今、経験している苦労は、カルマを解消するために必要なことなのかも。

死後の世界って本当はどうなっているんだろう......など、いろいろと考えさせられつつも、生きることに前向きになれる読後感を味わえるのが、佐藤愛子さんの『私の遺言』です。

この作品は、北海道に山荘を建てたことをきかっけに、なんと50代で霊感に目覚めてしまった著者が、屋根裏から聞こえる足音や、「ビシッ、ビシッ」と鳴り響くラップ音をはじめとする超常現象に悩まされ、あらゆる霊能者に相談しながら原因を探り、浄化の日々を綴ったエッセイ。

その内容に、かなり引き込まれます!
 

佐藤さんが一番最初に相談した霊能者として登場するのは、今やスピ界のカリスマであり大御所の美輪明宏さん
若き日の江原啓之さんのエピソードも登場し、「オーラの泉」でブレイクする以前から、お二人が霊能者として名高かったことも、この作品からよくわかります。

出版当初70代の著者が真面目に語る霊の世界は説得力があり、胡散臭さがありません。
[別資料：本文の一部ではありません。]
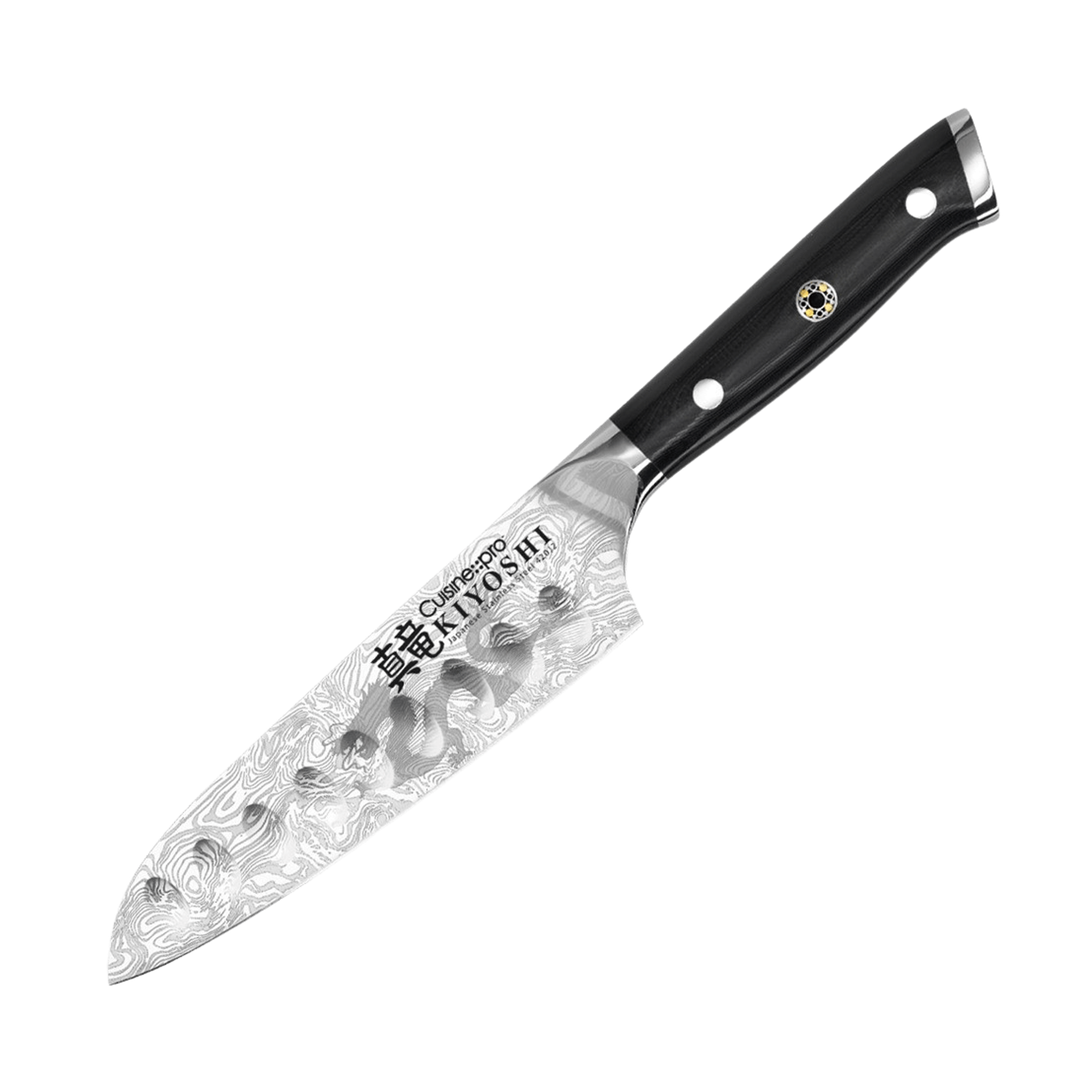 - The Cuisine::pro® KIYOSHI™ Try Me Santoku Knife 12.5cm/5" has a low tip, broad blade perfect for slicing, dicing and mincing. The recesses situated above the blade edge helps to release thin slices and sticky food after slicing.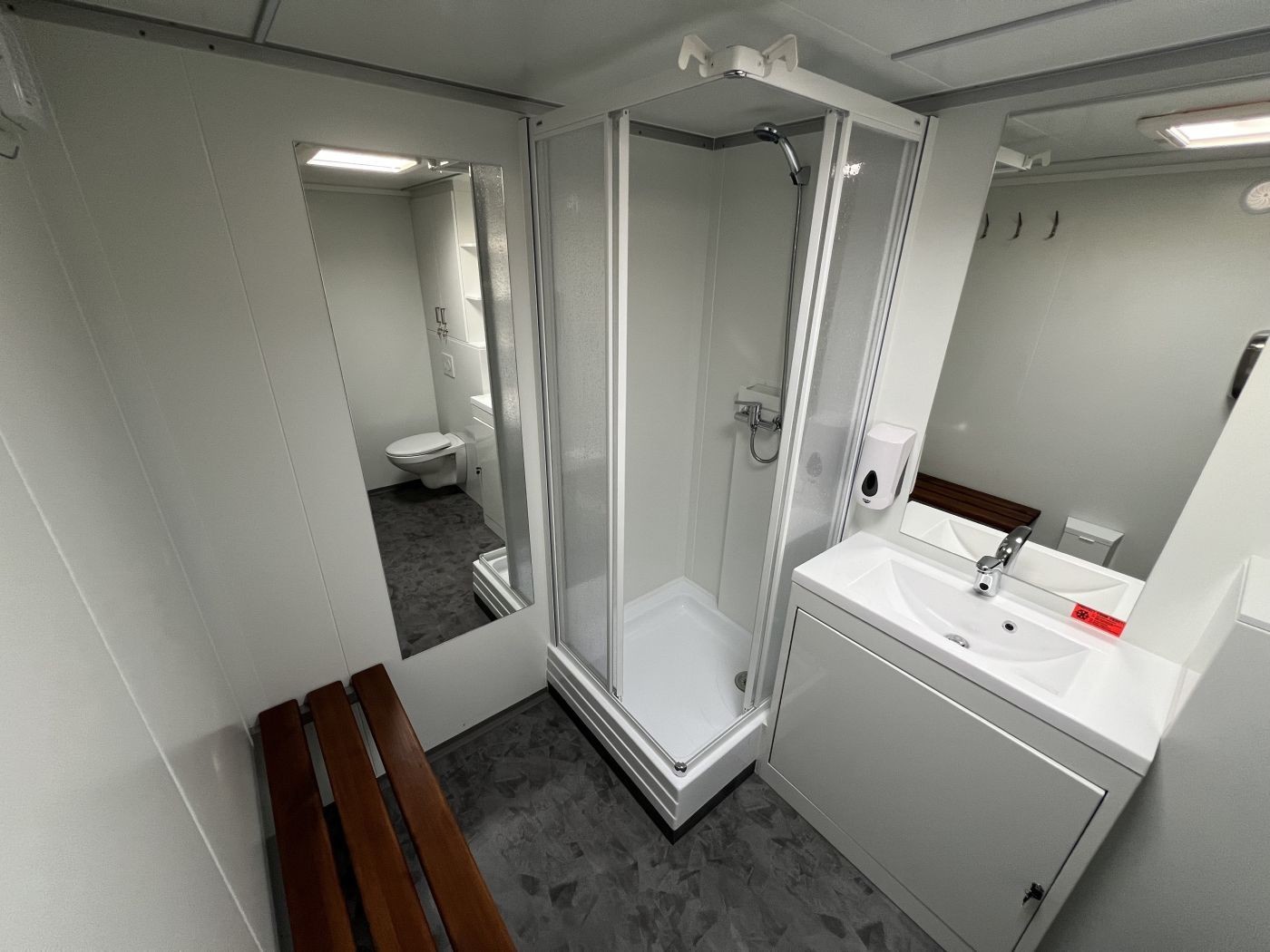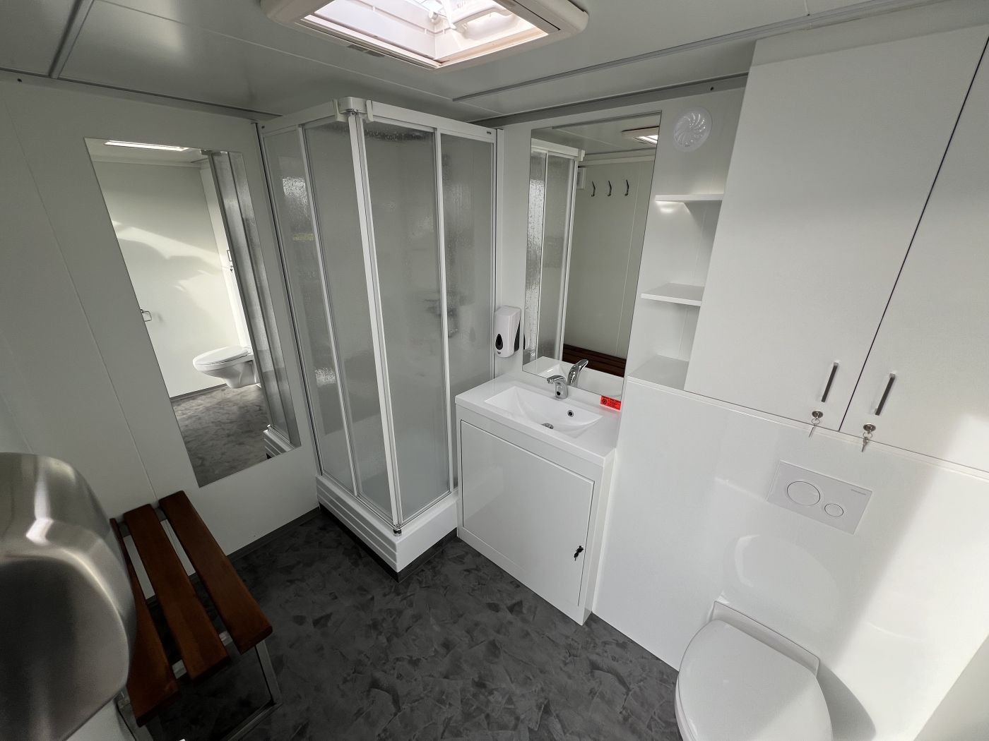 Gebrauchtes vollwertiges mobiles Badezimmer – unser Badanhänger mit Toilette

「あの世」について語っているのに、「今」を生きるためのヒントも満載で、まさに死ぬまでに読んでおきたい1冊。

同じテーマで綴られた佐藤愛子さんの著書『こんなふうに死にたい』、『冥途のお客』も、オススメです。


(景山えりか)


 私の遺言 (新潮文庫) (文庫)佐藤 愛子 (著)
私の遺言
佐藤 愛子 (著)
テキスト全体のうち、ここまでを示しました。